So if you had to open a box and two days later, you finally got it configured because of all the security parameters to use it, we would understand that you might not wanna use that device. So we try to make it very usable but yet secure. So there's many different methods that we try to do that. So what I will tell you, it is not an easy thing but that is kind of our intent, is that we understand customers may not go through those process. They just wanna get quick and dirty logins and start using the device. But if we can make it even if it's just a small, minor annoyance occasionally, that would be great but that's kind of our intent and hopefully nothing.

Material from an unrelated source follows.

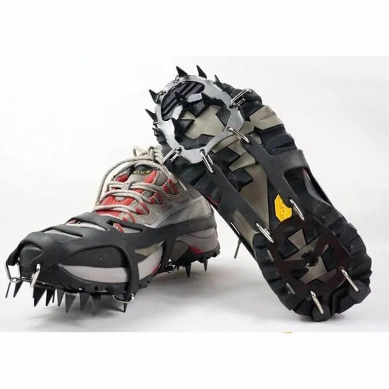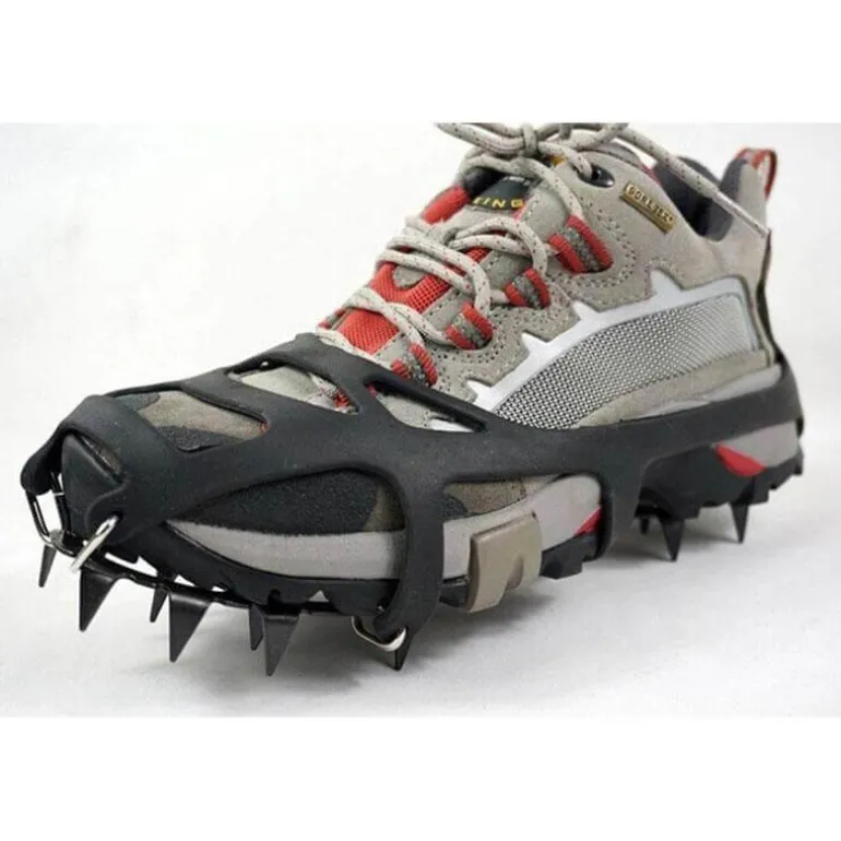 Erleben Sie mehr Stabilität und Sicherheit bei Winterwanderungen mit unseren Steigeisen-Überschuhen. Im Gegensatz zu herkömmlichen rutschfesten Schuhen passen diese Überschuhe direkt über die Schuhsohlen. Sie lassen sich leicht an- und ausziehen und bieten zuverlässigen Halt.

So if it comes out and it's secure and you've got it and use it and you know and you can have trust, that's our ultimate intent. One thing I will also say is that there is some legislation being driven at this point, at the time of this recording. I know some in Massachusetts and potentially California. I believe in England, there has been some cases as well that they're looking for kind of securing some of these. And traditionally, these laws have been around two different things. No default user IDs or passwords. We found that's horrendously horrible because nobody changes those. Again, secure by default. 

But the other aspect is firmware updates, ability to update within a field if there is a security issue. And that's kind of where the legislation...mostly that's in consumer but that's where a lot of legislation is trying to hit at this point. It may become a legislation, I don't know but it is definitely being talked about to be able to push... And most notably, that is in the consumer space but it also will be hitting industrial spaces as well. So first we wanna talk about this concept as I said is, this is our promise. What is Digi's promise to our customers?

We have something, a trademark called Digi TrustFence. And really, it is our attempt to be able to say, "This is what our promise is to our customers that we do for security." Again, it's not to make a device completely secure so you can just take it out of the box and stick it in. There's responsibility. We're trying to reduce as much responsibility on the customer as possible but they all still have a little bit of that. But what we've kind of done is that we've taken this framework that it applies to IOT devices and effectively, we understand the risks of what's being attacked out in the field. If you will, the Pareto principle of IOT security, the 80/20 rule as they call it.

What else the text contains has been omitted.